2) have you used cornstarch to thicken ever, or just flour?
3) good work with the editing... Looked like one of the cameras was jacked up a bit,and the team was able to work around it.
4) looks like the texas Cafe method of hygiene was about the same as Palios Bros. If people only knew.....
5) are the addition of beans a 'New Mexico' thing?
1. Enough to cover the meat completely.
2. Cornstarch produces a different texture. I did it once.
3. We had a problem.
4. It was. I rely on heat to solve any problems.
5. Beans are a New York thing.
Thanks for doing that, the chili looked great and I am looking forward to trying to make it.
Did you say you were using a Sabatier knife? If so what is your opinion? I am looking to get my wife a new set.
Have you ever tried using beef stock instead of water for this (around the 35 min mark) and if so, how was it?
"Chili should have no recognizable pieces of anything in it except the meat." I am in total agreement.
I think this was addressed in the video, but not sure. Do the cuts of beef matter at all? Or can we get the least expensive?
Does it have to be all beef? Or can the cuts be of any red meat? Could you use pork, as an example?
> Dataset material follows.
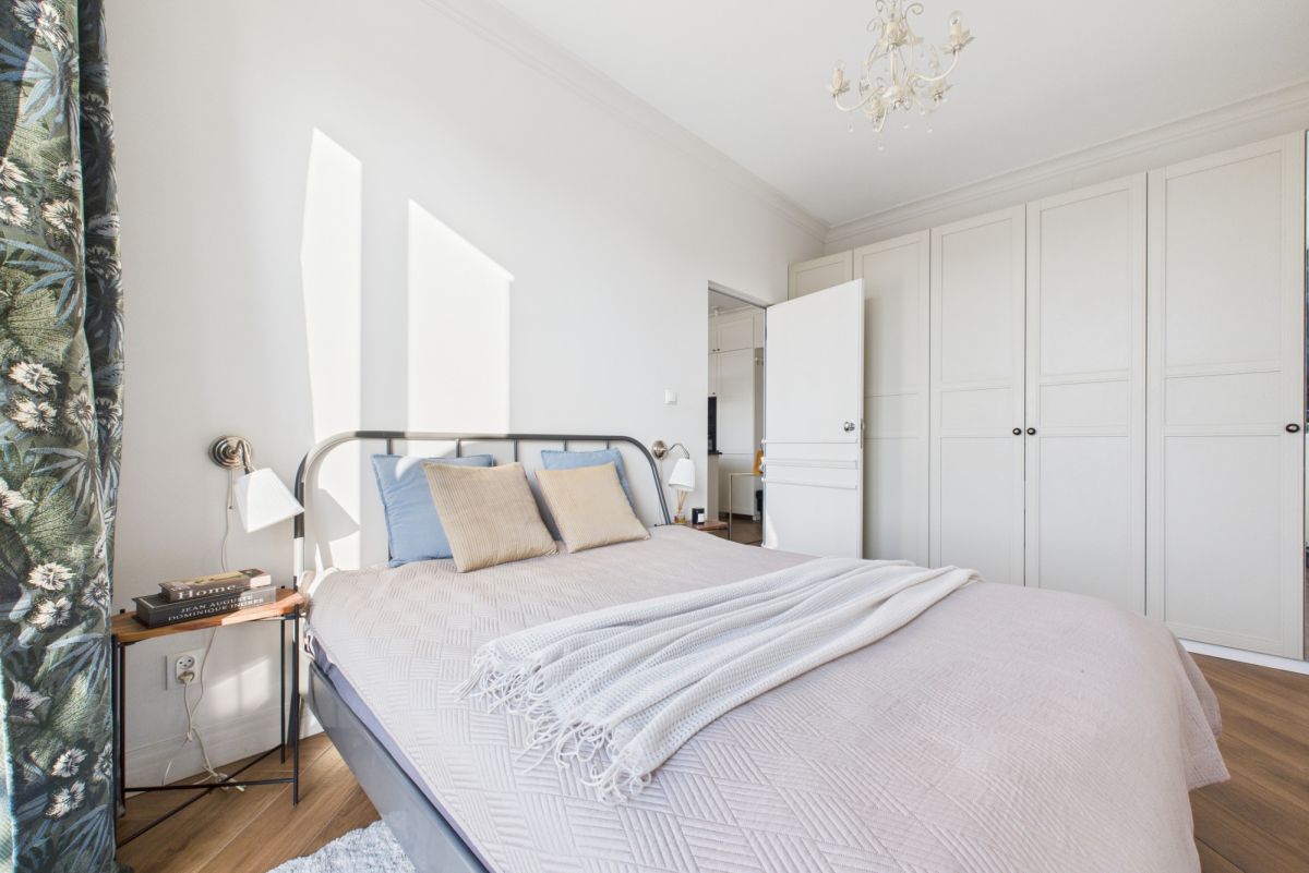 W sypialni podwójne łóżko i bardzo pojemne szafy w zabudowie.
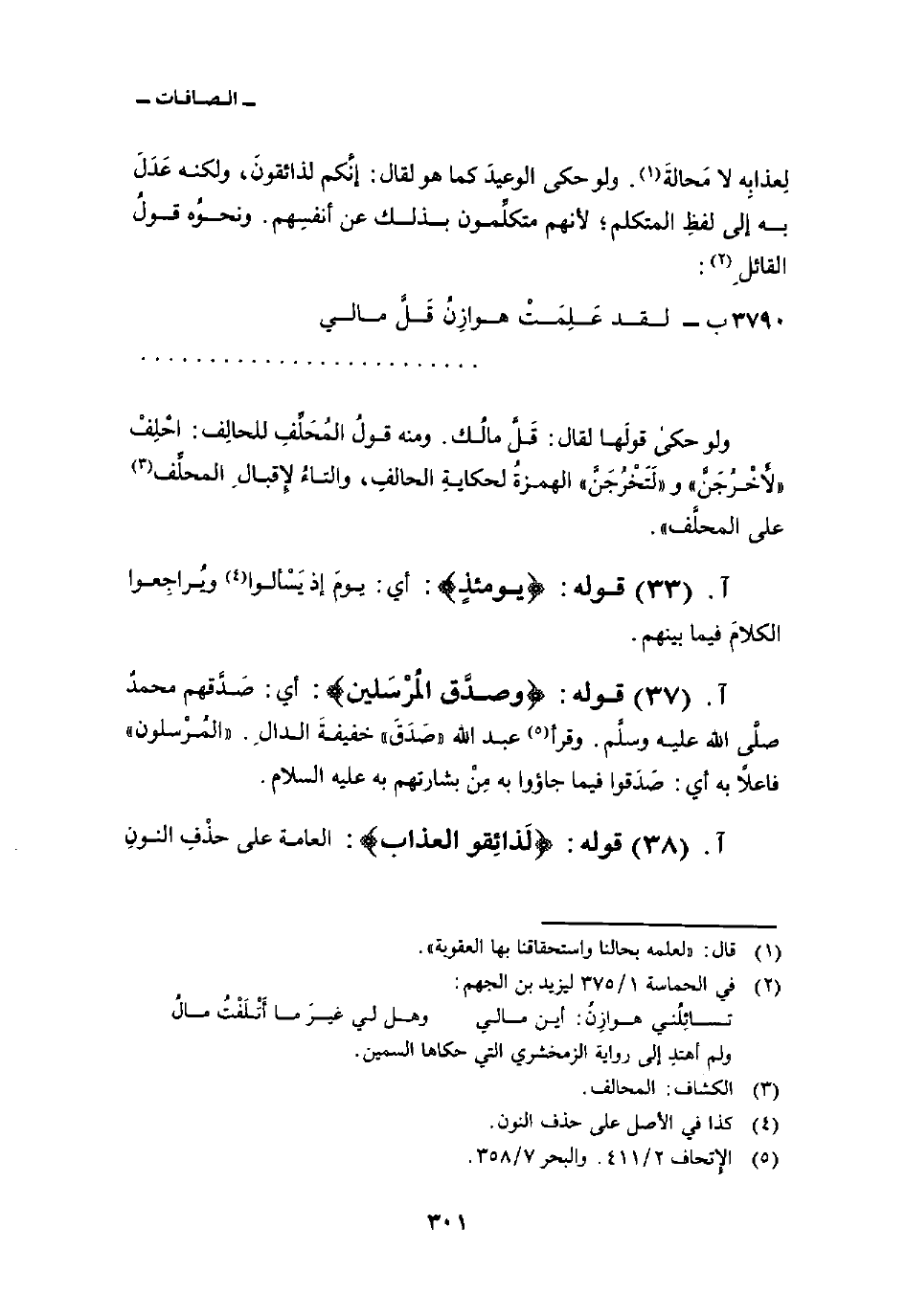 ولو حكى قولَها لقال: قَلَّ مالُك. ومنه قولُ المُحَلِّفِ للحالِف: احْلِفْ» لأَخْرُجَنَّ «و» لَتَخْرُجَنَّ «الهمزةُ لحكايةِ الحالفِ، والتاءُ لإِقبالِ المحلِّف على المحلَّف» .

And for the ground meat, 80-20? And also, could you use pork, or any other meat? (I don't think I have access to venicen).
As I said in the video, the meat doesn't matter in chili, since all you taste is the spices. You can make chili out of shoes, if can boil them long enough to get tender. Pork is fine. Feral hog is fine. Venison is fine. Tough beef is fine. The only thing I wouldn't use is fish.
Sometimes the Mrs's cooking has nothing recognizable, and I am in total agreement.
When you say "gamey" I can relate that to kangaroo a very lean meat, which to me when compared with feed lot fed beef tastes gamey due to the grasses they eat, they taste earthy. However with the amount of spices you used and as you say the spice would cancel out any meat or "game" meat taste in that Texan stew.
Is there a Texan dish with underground mutton (rabbit)?